We know where we're going in the apocalypse.

Josh Duhamel: actor, philanthropist, and … doomsday prepper?

The answer, wildly enough, is yes. The Buddy Games: Spring Awakening star dished to Inverse about how he's been slowly developing a self-supported, remote compound that he believes could potentially survive the apocalypse should the world ever descend into fiery chaos.

"I've become a bit of a doomsday prepper, I guess," he told the outlet. "So I'm learning how to hunt. I have wells. We have water. We have fuel. I'm building something so if things do go south, I have a place to take my family. And I believe that we could live off the land out there. I'm not very good at it yet, but I'm getting there."

Earlier, Duhamel explained that his cabin quest all began with "with one little cabin in the woods with no electricity and no water" readily available to drink. "We would go and we didn't wanna stay for more than a day or two," he recalled. "You could tell the mice had overrun it. It was disgusting."

Josh Duhamel
Josh Duhamel. Momodu Mansaray/Getty Images

Things changed when the property next door went up for sale. "I bought it for like nothing; this beautiful little idyllic cabin on the water," he said. "Suddenly I had 54 acres out there. So I had two cabins, one with no electricity or water. They both have wells and electricity now, but they're both really small."

These "small" lodgings are way more fancy than your typical old cabin. Duhamel noted that they're both equipped with Starlink internet, televisions, and "actual plumbing with actual flushing toilets." However, he added that he still keeps two outhouses on the property "just for nostalgic reasons."

He's similarly cultivated the land around the property and is in the process of growing crops. "We started with clover and chicory and stuff, mostly just to feed the deer," Duhamel said. "It was my first time ever tilling, you know, clearing a space of land and tilling it and seeding it. This year I'm gonna grow pumpkins and corn."
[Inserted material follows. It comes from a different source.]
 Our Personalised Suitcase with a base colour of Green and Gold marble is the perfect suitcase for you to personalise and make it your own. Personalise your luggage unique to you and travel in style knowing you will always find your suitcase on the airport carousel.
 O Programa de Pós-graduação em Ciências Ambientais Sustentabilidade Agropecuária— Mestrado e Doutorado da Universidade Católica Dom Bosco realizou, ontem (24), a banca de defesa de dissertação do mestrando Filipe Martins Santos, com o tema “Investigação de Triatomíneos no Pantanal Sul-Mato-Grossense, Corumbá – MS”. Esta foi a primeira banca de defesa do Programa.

The chicory and clover is part of a long-running plan for Duhamel to be able to hunt deer should he and his family need to live off the land by any means necessary. He said, "I'm not a hunter by any means, but I have this crazy fixation on what happens if s--- hits the fan in LA and I have to take my family out there and live off the land."

Duhamel added, "It keeps my lizard brain active."
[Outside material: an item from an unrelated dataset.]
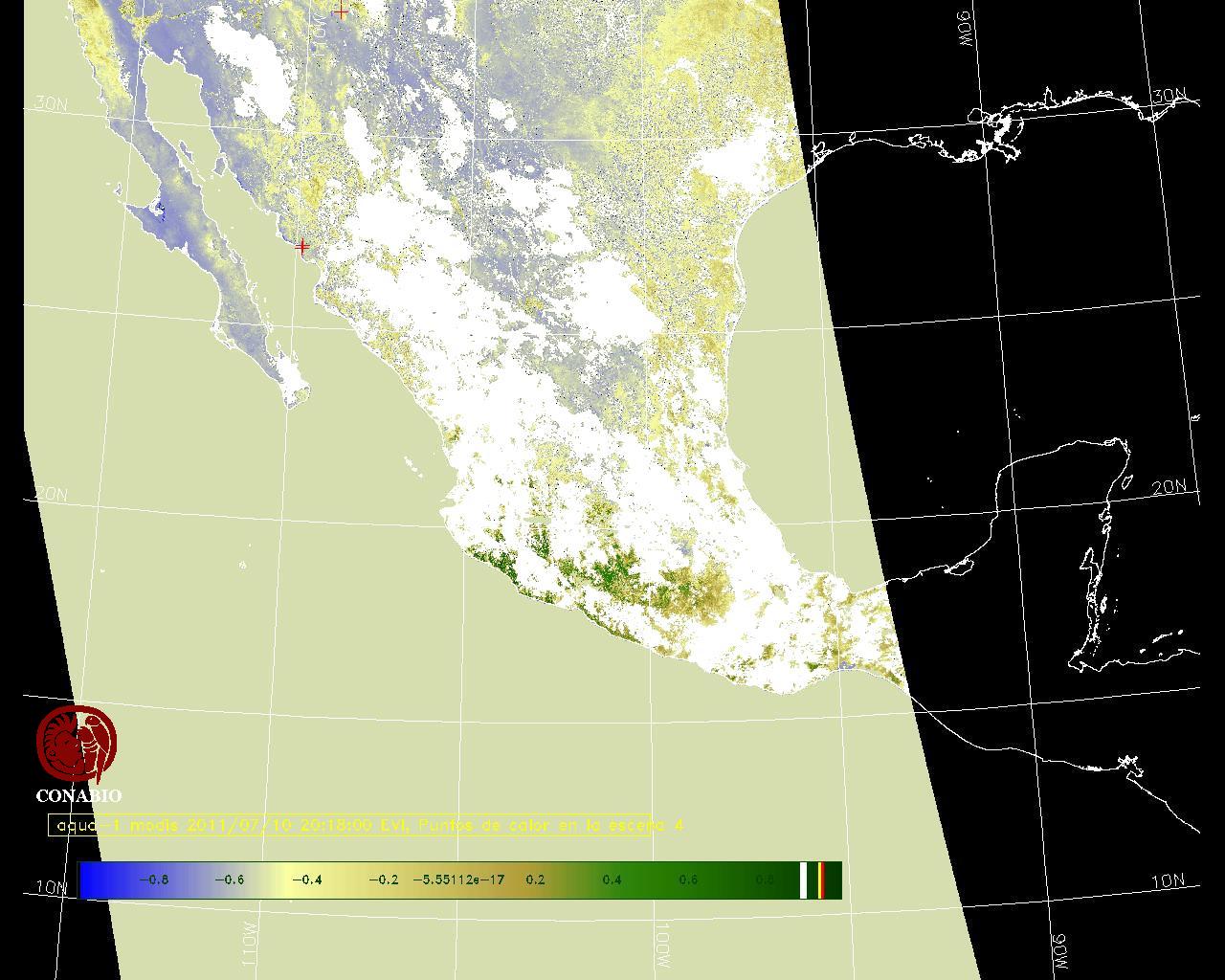 Nubosidad en el terreno:42% Nubosidad sobre México:51% Datos nulos en la escena:30% Datos nulos sobre México:11% |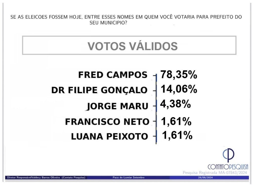 A pesquisa, que tem protocolo MA-07843/2024, ouviu 600 eleitores e foi realizada entre os dias 25 e 28 de setembro. A margem de erro é de 3,99 para mais ou menos e o intervalo de confiança é de 95%.

The Transformer actor said the idea for his compound all fell into place after learning about a community where people were only allowed to stay if they provided pivotal survival skills for the group. He also credited reading James Wesley Rawles' 2020 book Patriots: Surviving the Coming Collapse, which he said "freaked me out a little bit."

"I'm not saying I'm that crazy about it, but it is a comforting feeling knowing that I could survive out there," he said. "I'm working on those skills. I wouldn't call myself an expert or a survivalist by any means, but I'm getting better at it."

Judging by his tractor mastery and ax-throwing skills, not to mention this outrageously large stack of logs, it looks like Duhamel's off to a good start.